Progressively-Generating-Better-Initial-Guesses-Towards-Next-Stages-forHigh-Quality-Human-Motion-Prediction
Official implementation of Progressively Generating Better Initial Guesses Towards Next Stages for High-Quality Human Motion Prediction (CVPR 2022 paper)
- Tiezheng Ma, School of Computer Science and Engineering, South China University of Technology, China, [email protected]
- Yongwei Nie, School of Computer Science and Engineering, South China University of Technology, China, [email protected]
- Chengjiang Long, Meta Reality Labs, USA, [email protected]
- Qing Zhang, School of Computer Science and Engineering, Sun Yat-sen University, China, [email protected]
- Guiqing Li, School of Computer Science and Engineering, South China University of Technology, China, [email protected]
This paper presents a high-quality human motion prediction method that accurately predicts future human poses given observed ones. Our method is mainly based on the observation that a good initial guess of the future pose sequence, such as the mean of future poses, is very helpful to improve the forecasting accuracy. This motivates us to design a novel two-stage prediction strategy, including an init-prediction network that just computes a good initial guess and a formal-prediction network that takes both the historical and initial poses to predict the target pose sequence. We extend this idea further and design a multi-stage prediction framework with each stage predicting initial guess for the next stage, which rewards us with significant performance gain. To fulfill the prediction task at each stage, we propose a network comprising Spatial Dense Graph Convolutional Networks (S-DGCN) and Temporal Dense Graph Convolutional Networks (T-DGCN). Sequentially executing the two networks can extract spatiotemporal features over the global receptive field of the whole pose sequence effectively. All the above design choices cooperating together make our method outperform previous approaches by a large margin (6%-7% on Human3.6M, 5%-10% on CMU-MoCap, 13%-16% on 3DPW).
- Pytorch 1.8.0+cu11
- Python 3.7
- Nvidia RTX 2060
Human3.6m in exponential map can be downloaded from here.
CMU mocap was obtained from the repo of ConvSeq2Seq paper.
3DPW from their official website.
- Train on Human3.6M:
python main_h36m.py --data_dir [dataset path] --kernel_size 10 --dct_n 35 --input_n 10 --output_n 25 --skip_rate 1 --batch_size 16 --test_batch_size 32 --in_features 66 --cuda_idx cuda:0 --d_model 16 --lr_now 0.005 --epoch 50 --test_sample_num -1
- Train on CMU-MoCap:
python main_cmu_3d.py --data_dir [dataset path] --kernel_size 10 --dct_n 35 --input_n 10 --output_n 25 --skip_rate 1 --batch_size 16 --test_batch_size 32 --in_features 75 --cuda_idx cuda:0 --d_model 16 --lr_now 0.005 --epoch 50 --test_sample_num -1
- Train on 3DPW:
--data_dir [dataset path] --kernel_size 10 --dct_n 40 --input_n 10 --output_n 30 --skip_rate 1 --batch_size 32 --test_batch_size 32 --in_features 69 --cuda_idx cuda:0 --d_model 16 --lr_now 0.005 --epoch 50 --test_sample_num -1
Note:
-
kernel_size
: is the length of used input seqence. -
d_model
: is the latent code dimension of a joint. -
test_sample_num
: is the sample number for test dataset, can be set as{8, 256, -1(all)}
. For example, if it is set to8
, it means that 8 samples are sampled for each action as the test set.
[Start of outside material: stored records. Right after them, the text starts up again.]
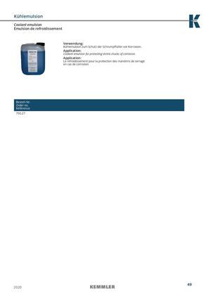 Kühlemulsion Coolant emulsion Émulsion de refroidissement Verwendung: Kühlemulsion zum Schutz der Schrumpffutter vor Korrosion. Application: Coolant emulsion for protecting shrink chucks of corrosion. Application: Le refroidissement pour la protection des mandrins de serrage en cas de corrosion Bestell-Nr. Order no. Référence 750.27 49 2020
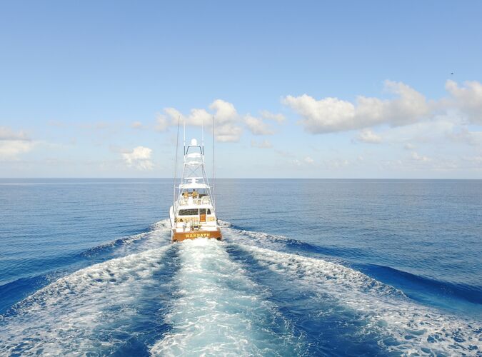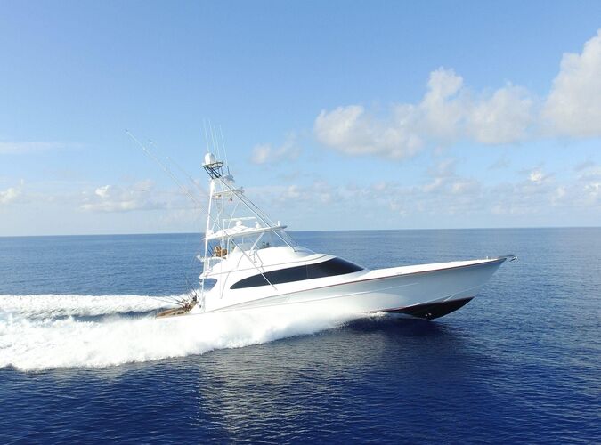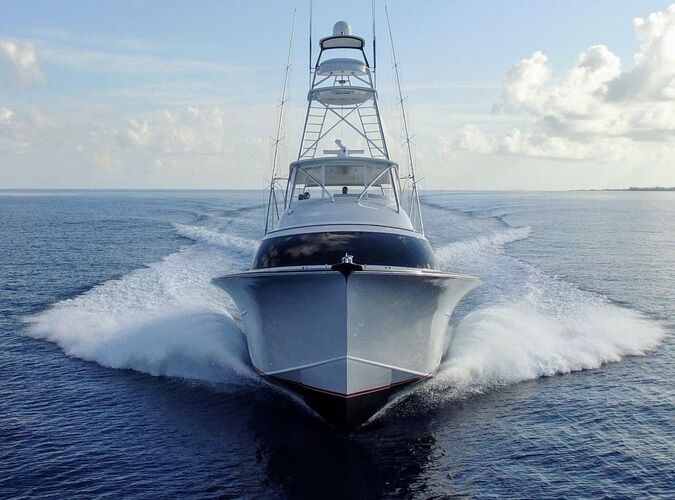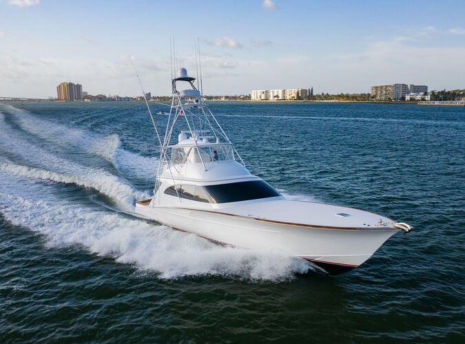 Designed to maximize offshore fishability, owner/guest comfort, and extended stay liveaboard amenities with extensive systems redundancy. Key features include a pair of Onan 29kw gensets, SeaKeeper 26 gyrostabilizer, dual ice maker & water maker capability w/ SpotZero, six (6) exterior stainless lined refrigeration/freezer units, a retracting Furuno commercial sonar unit, and an extensive pressurized baitwell system. Custom curved salon side glass completes the sleek, unmistakable F&S profile. Her four-stateroom and four-head layout offers considerable headroom throughout the boat and is highlighted by a full-beam master suite complete with king size berth. The interior features teak flooring, granite counter tops & granite head flooring (lightweight), custom teak casework and valances, and a contemporary (high ceiling) curved companionway.
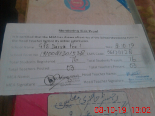 | EMIS Code: 36120128 | Name of School: GPS DAIRA PUR 1 P/O SIKANDARABAD SHUJABAD | |||
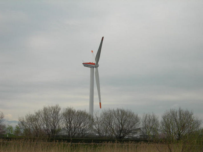 ここの前にびわこだけの風力発電機あります

After training, the checkpoint is saved in ./checkpoint/
.
Add --is_eval
after the above training commands.
The test result will be saved in ./checkpoint/
.
If you think our work is helpful to you, please cite our paper.
Ma T, Nie Y, Long C, et al. Progressively Generating Better Initial Guesses Towards Next Stages for High-Quality Human Motion Prediction[C]//Proceedings of the IEEE/CVF Conference on Computer Vision and Pattern Recognition. 2022: 6437-6446.